|
Melawan anorexia di dunia mode | ||||||||||||||||||||||||||||||||||||||||||||||||||||||||||||||||||||||||||||||||||||||||||||||
Dunia mode tersadarkan bahwa disiplin para model untuk menjaga kelangsingan tubuh, agar tetap dipilih berjalan di cat walk, ternyata berdampak negatif. Beberapa model, yang masih muda belia, rupanya menjaga kelangsingan tubuh mereka secara berlebihan. Dan tewasnya seorang model asal Brasil, Ana Caroline Reston, November tahun lalu sepertinya menyadarkan dunia mode. Saat meninggal dunia, Ana Caroline Reston, yang berusia 21 tahun, hanya memiliki berat badan sekitar 40 kilogram. Ana Caroline Reston meninggal dunia karena infeksi yang disebabkan oleh anorexia, yang diterjemahkan sebagai gangguan pola makan dalam bentuk antara lain tidak punya selera makan. Ibunya Caroline, Miriam Reston, menuding bahwa tekanan dari agen modeling terlalu kuat dan mereka sampai bertindak seperti ibu kepada anak jika para model sedang di luar rumah.

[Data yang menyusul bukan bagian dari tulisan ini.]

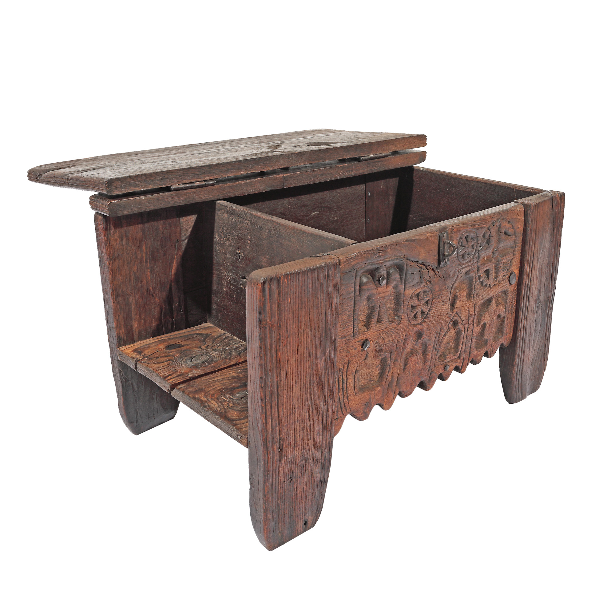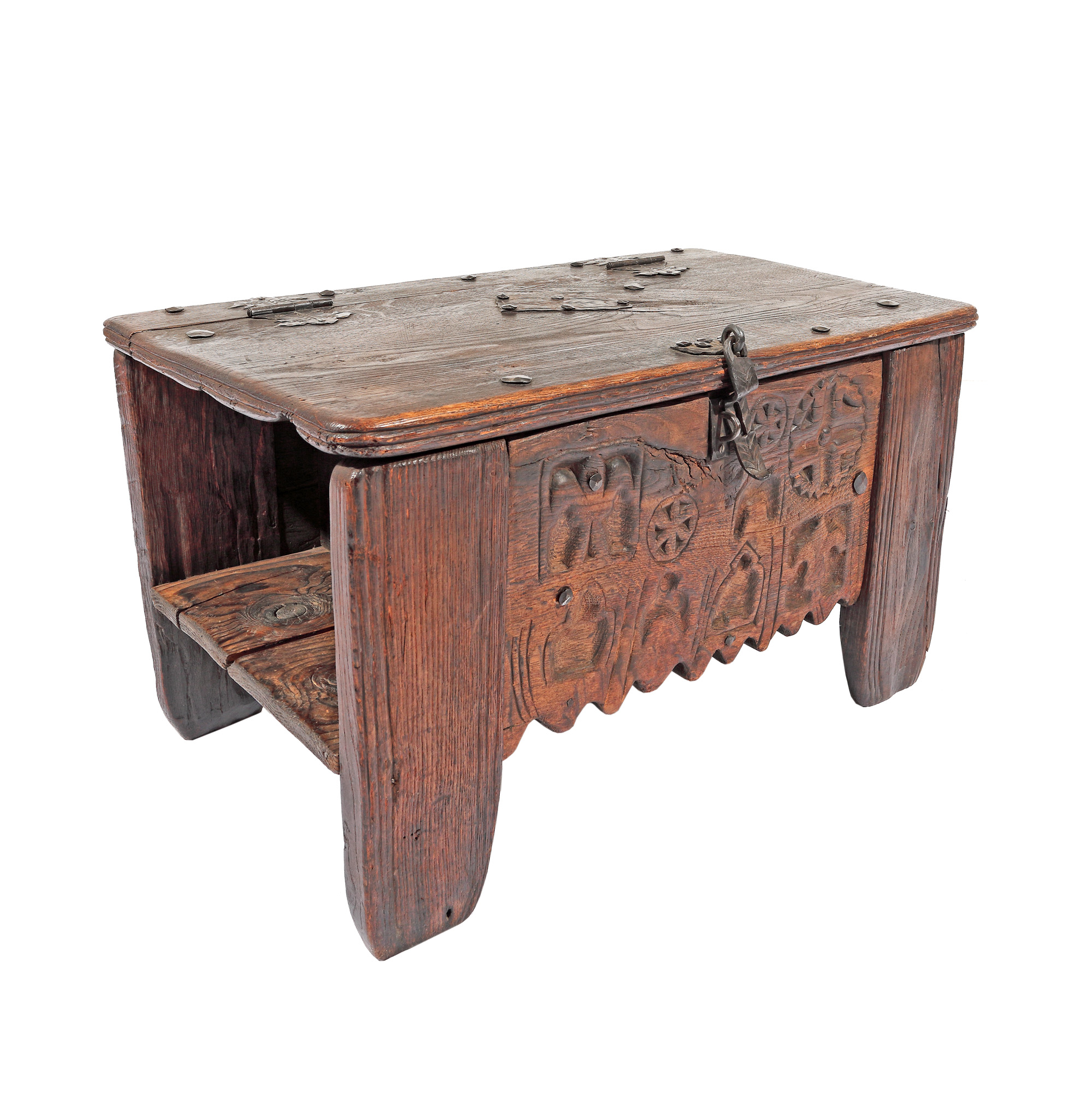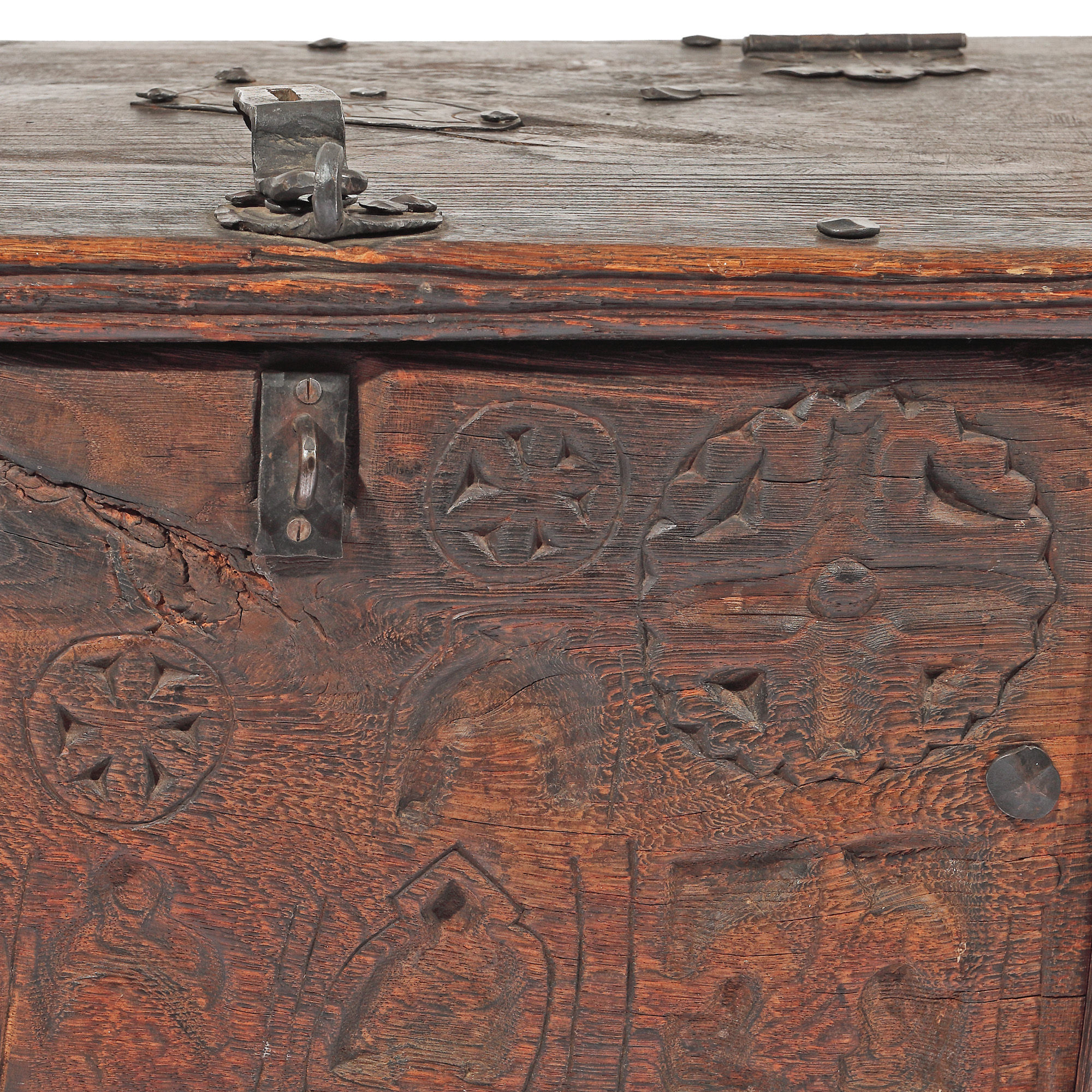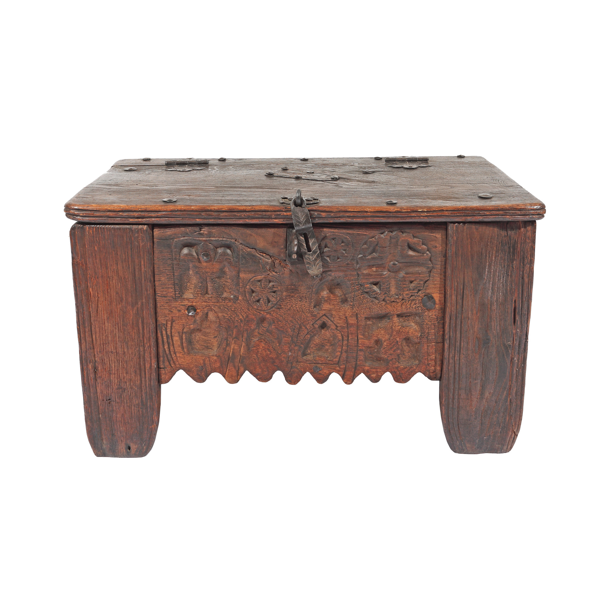 58. Cufăr din lemn sculptat, decorat cu simbolistică locală (cruce, rozetă solară, stema stilizată a Țării Românești), mijlocul sec. XIX

"Di rumah dia makan, tapi saya tidak tahu apa yang dilakukannya ketika sedang melakukan perjalanan," tambahnya tentang putrinya Ana Caroline. Dan Miriam Reston mengharapkan agen modeling juga menjaga kesehatan para model untuk mencegah kasus Ana Caroline lainnya. Selain merusak kesehatan para model, ada juga kekuatiran kalau model-model yang super kurus menyampaikan pesan yang salah tentang tubuh yang ideal kepada generasi muda. Madrid memulai Salah satu pusat mode dunia, Milan, yang menggelar Pekan Mode Milan, mulai 21 Februari lalu, menetapkan kode perilaku untuk melindungi para model dari anorexia. Langkah ini mengikuti kebijakan pemerintah Spanyol yang menentang model-model yang terlalu kurus untuk tampil di Madrid Fashion Show.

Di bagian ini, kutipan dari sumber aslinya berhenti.